– ALCAMO, venerdì 12 DICEMBRE 2025 – Aveva chiesto 200 mila euro, il Comune di Alcamo, ed è riuscito ad ottenerne 280 mila. A tanto ammonta, infatti, il finanziamento complessivo che la Regione ha adesso concesso all’amministrazione alcamese per sistemare l’area del Santuario della Madonna dei Miracoli, in modo tale da prevenire allagamenti e disagi come quelli verificatisi, per ben due volte in appena due settimane, nel mese di settembre scorso.

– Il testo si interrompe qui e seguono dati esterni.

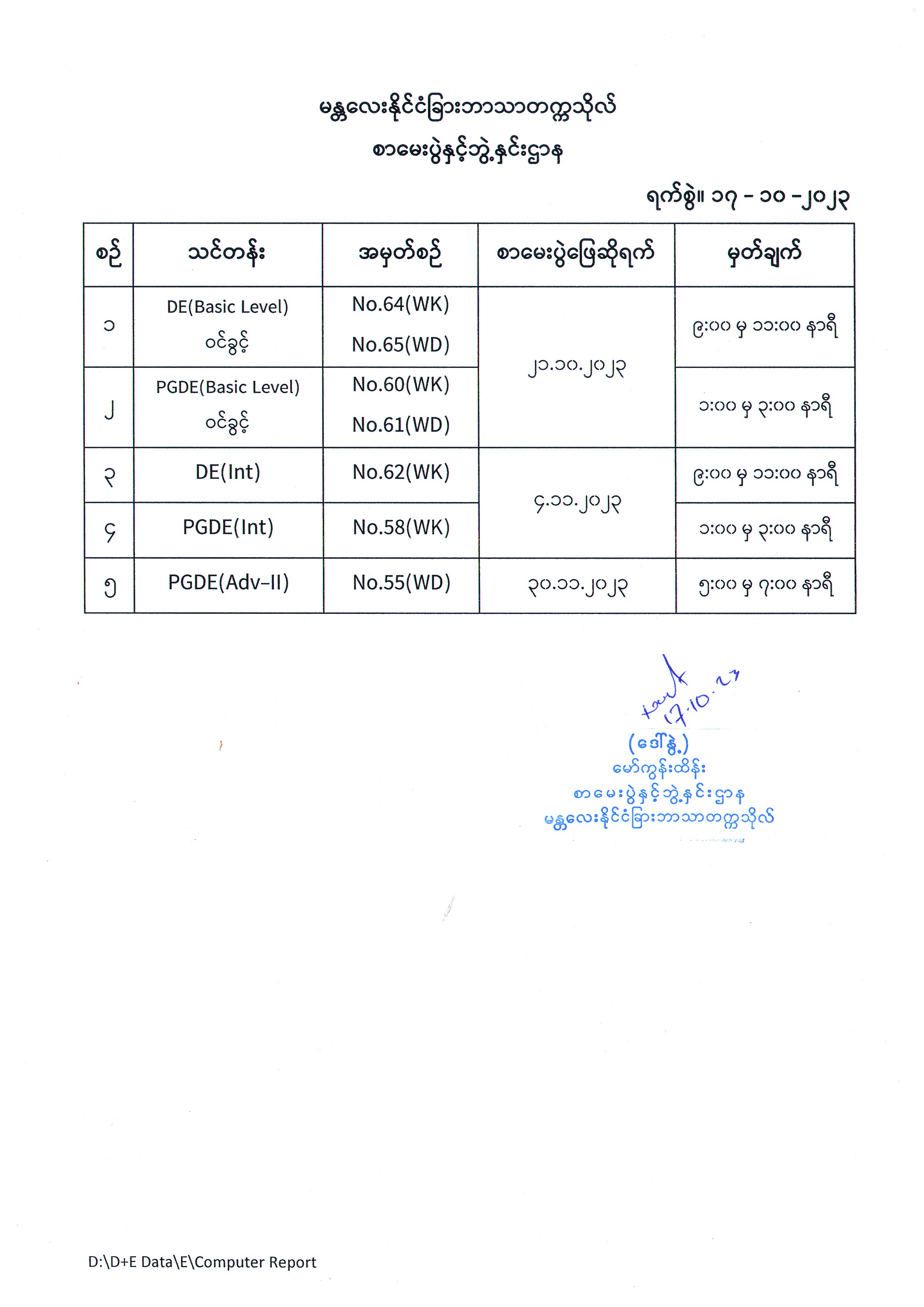 DE, PGDE (Basic Level)ဝင်ခွင့်၊ DE(Int), PGDE(Int), PGDE(Adv-II) စာမေးပွဲ ဖြေဆိုရက်များ စာရင်း Published: 18 October 2023 Category: Announcements

Sono due i decreti di finanziamento emanati, rispettivamente, dall’assessorato regionale delle infrastrutture e delle mobilità. Il primo per un importo di 80 mila euro, che servirà a sostenere le spese di progettazione relative ad interventi infrastrutturali per la messa in sicurezza dell’area del Santuario. Il secondo per 200 mila euro da parte della Protezione civile regionale, per la realizzazione dei lavori volti a fronteggiare l’emergenza e mitigare la crisi di rischio idrogeologico, a seguito degli eventi meteorologici eccezionali della notte tra il 10 e l’11 e, poi, del 24 settembre, che hanno creato pericoli per la pubblica incolumità e la salute pubblica.
Già in passato, si erano registrate analoghe emergenze nella zona, storicamente piuttosto problematica essendo attraversata dall’antico torrente che, nei secoli, ha subìto un complessivo snaturamento da massicci interventi antropici legati all’urbanizzazione. Del resto, le pubbliche istituzioni erano state più volte sollecitate, dal rettore del Santuario monsignor Benedetto Cottone, per ripulire periodicamente e tempestivamente l’alveo del torrente.
Il sindaco Domenico Surdi e il vicesindaco Alberto Donato dichiarano: “Grazie a questo finanziamento, avvieremo immediatamente la progettazione dell’intervento, che potrà risolvere in maniera definitiva la situazione, sia in ambito strutturale che di incolumità pubblica. Situazione, ad oggi, già sotto controllo – proseguono – perché, subito dopo il nubifragio che, per noi, ha rappresentato un evento particolarmente grave anche perché ha ferito uno dei luoghi simbolo della religiosità alcamese, siamo intervenuti tempestivamente, con fondi comunali, per riaprire la chiesa e per mettere in sicurezza l’area circostante (nelle due immagini qui pubblicate, alcuni dettagli). Coinvolgendo Protezione civile, i volontari, l’Autorità di bacino, il Genio civile, la Sovrintendenza ai beni culturali”.